[Available data Boundary: Start]
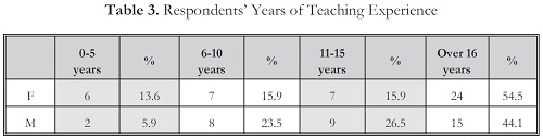 The participants are well-experienced language teachers: 50% have over 16 years of teaching experience, 20.5% from 11 to 15 years, and 29.4% less than 10 years (see Table 3).
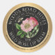Vintage wild rose illustration by French artist with metallic gold border and honeybee; ingredients, business name, address and net weight. Black and gold.
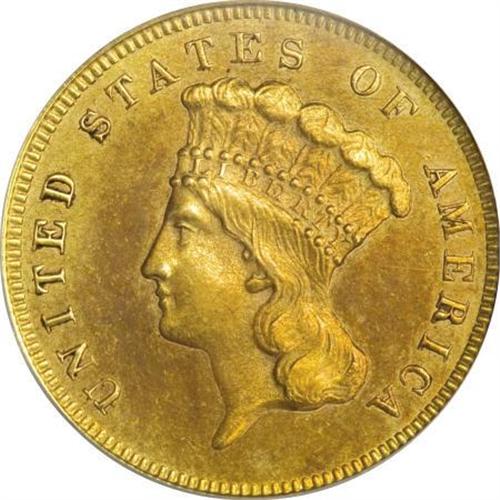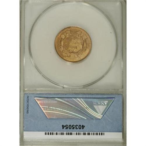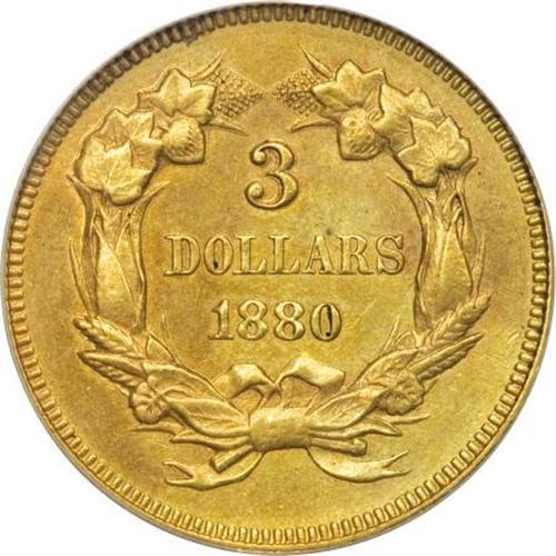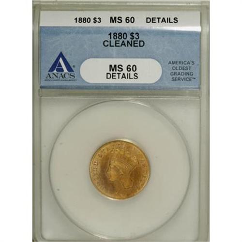 <B>1880 $3 --Cleaned--ANACS. MS60 Details.</B></I> This popular, low mintage date is always popular with collectors not only because of the mintage but also because there are so few Mint State survivors. This piece shows no signs of actual wear, but the surfaces have been harshly cleaned and have retoned a deep reddish-russet color.<BR><BR><B>Coin Engraver:</B> James B. Longacre<BR><BR><b>Shipping:</b> Coins & Currency (<a target="_blank" href="http://www.heritageauctions.com/common/shipping.php">view shipping information</a>)
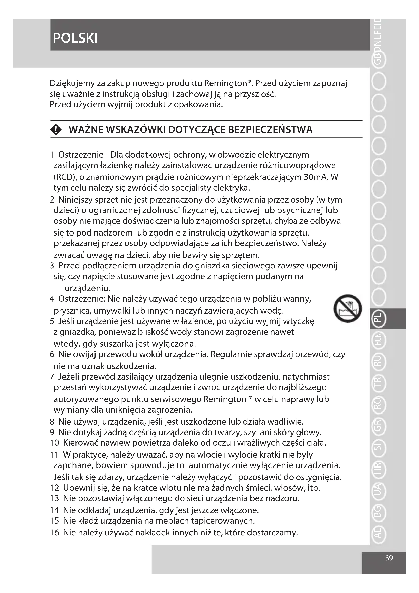 Dziekujemy za zakup nowego produktu Remington. Przed uzyciem zapoznaj sie uwazmie z instrukcja obstugi i zachowaj ja na przyszlość.
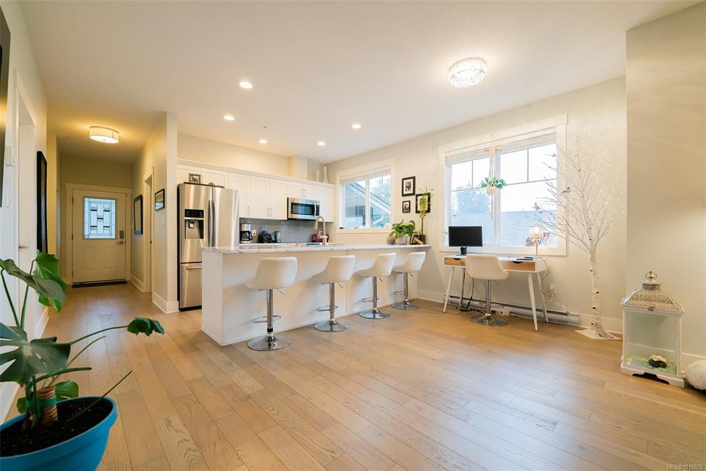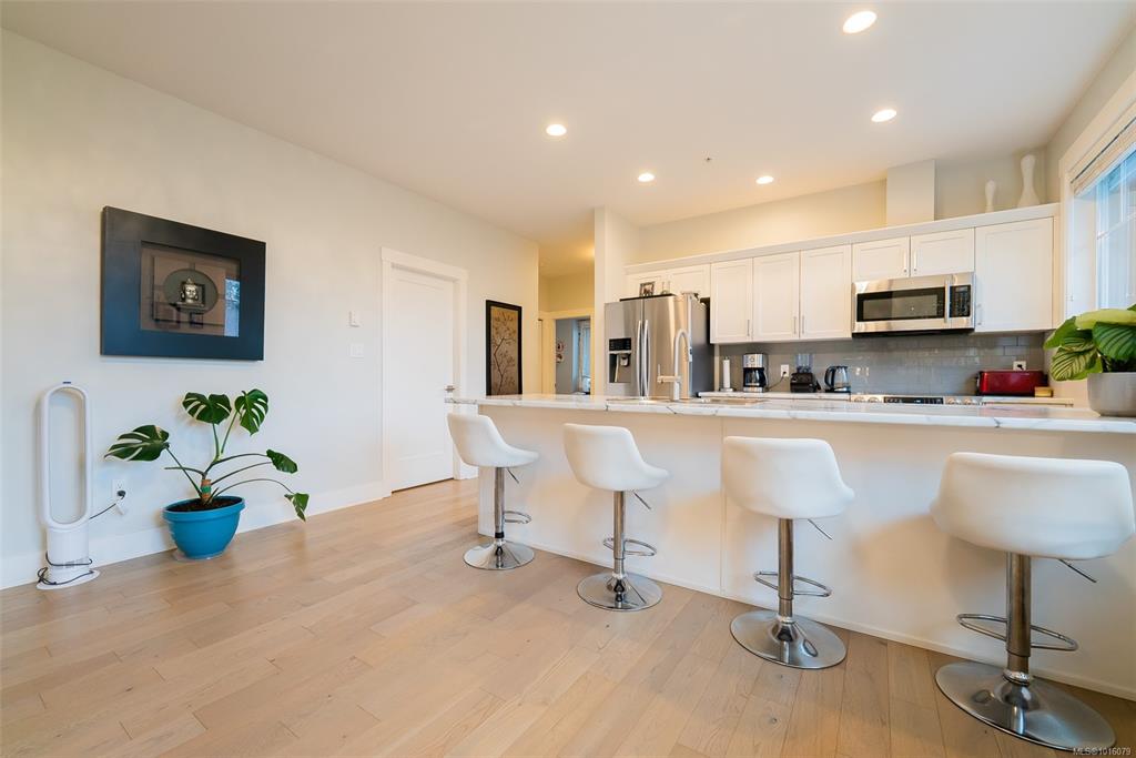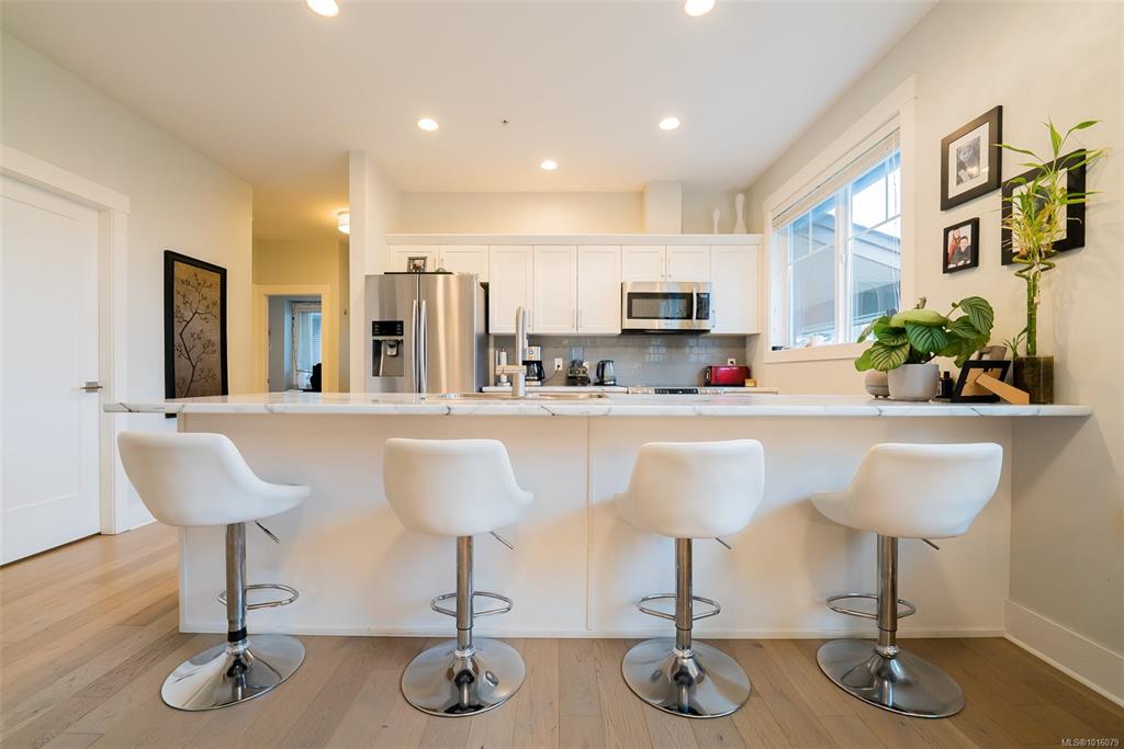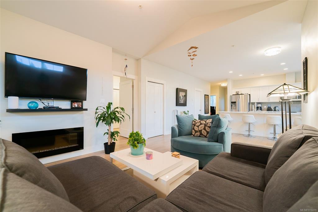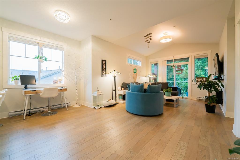 Pet-friendly & perfect for first-time buyers! Top-floor unit with soaring 10' vaulted ceilings and high-end finishes throughout. Bring your furry friend—Strata allows 1 dog any size and/or 1 cat (or 2 cats)! This 2 bed + den layout offers flexibility for a home office or gym. Entertain in style with an oversized 11' island, stainless appliances, and open-concept kitchen/living space. The spacious primary bedroom features a 4-piece ensuite and generous closets. Enjoy two covered decks—one overlooking peacefu...
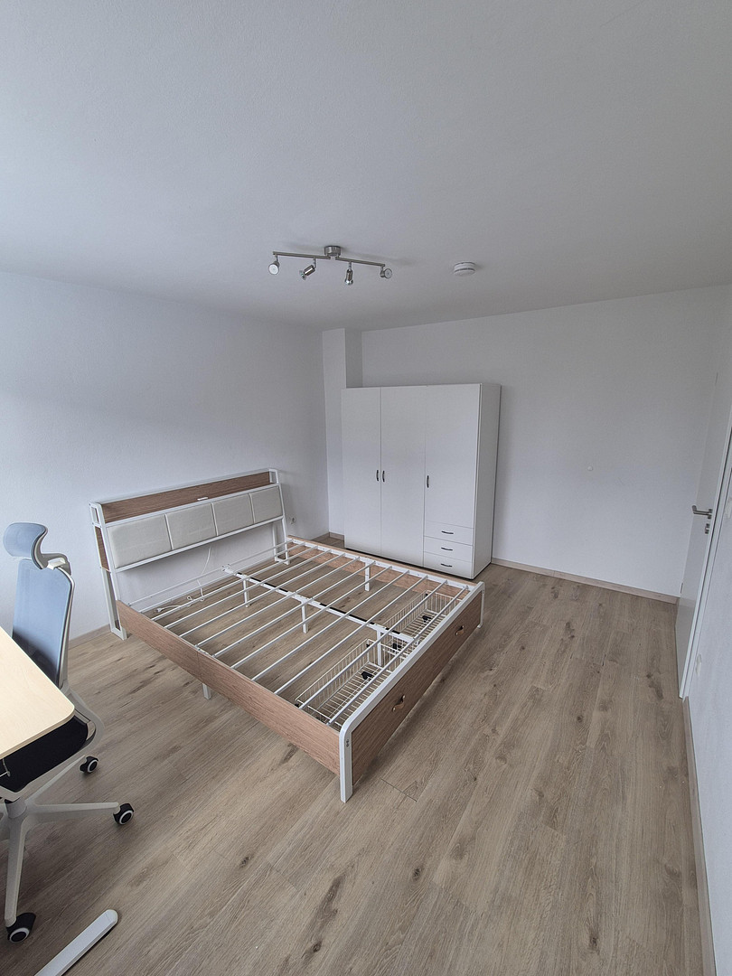Möblierung (aktuell vorhanden, je nach Vereinbarung): Esstisch (Holz) mit 2 Stühlen und Sitzbank, Bettgestell (ohne Matratze), Schreibtisch mit ergonomischem Stuhl, Ankleideschrank.
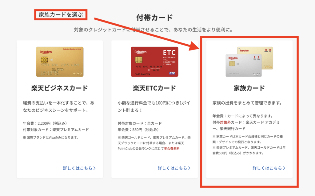 楽天カードでは家族カードを発行することが可能です。
[Available data Boundary: End]
**Exercise:**
No images belong in the copy. Transcribe every record exactly.

**Expected answer:**
 The participants are well-experienced language teachers: 50% have over 16 years of teaching experience, 20.5% from 11 to 15 years, and 29.4% less than 10 years (see Table 3).
Vintage wild rose illustration by French artist with metallic gold border and honeybee; ingredients, business name, address and net weight. Black and gold.
 <B>1880 $3 --Cleaned--ANACS. MS60 Details.</B></I> This popular, low mintage date is always popular with collectors not only because of the mintage but also because there are so few Mint State survivors. This piece shows no signs of actual wear, but the surfaces have been harshly cleaned and have retoned a deep reddish-russet color.<BR><BR><B>Coin Engraver:</B> James B. Longacre<BR><BR><b>Shipping:</b> Coins & Currency (<a target="_blank" href="http://www.heritageauctions.com/common/shipping.php">view shipping information</a>)
 Dziekujemy za zakup nowego produktu Remington. Przed uzyciem zapoznaj sie uwazmie z instrukcja obstugi i zachowaj ja na przyszlość.
 Pet-friendly & perfect for first-time buyers! Top-floor unit with soaring 10' vaulted ceilings and high-end finishes throughout. Bring your furry friend—Strata allows 1 dog any size and/or 1 cat (or 2 cats)! This 2 bed + den layout offers flexibility for a home office or gym. Entertain in style with an oversized 11' island, stainless appliances, and open-concept kitchen/living space. The spacious primary bedroom features a 4-piece ensuite and generous closets. Enjoy two covered decks—one overlooking peacefu...
Möblierung (aktuell vorhanden, je nach Vereinbarung): Esstisch (Holz) mit 2 Stühlen und Sitzbank, Bettgestell (ohne Matratze), Schreibtisch mit ergonomischem Stuhl, Ankleideschrank.
 楽天カードでは家族カードを発行することが可能です。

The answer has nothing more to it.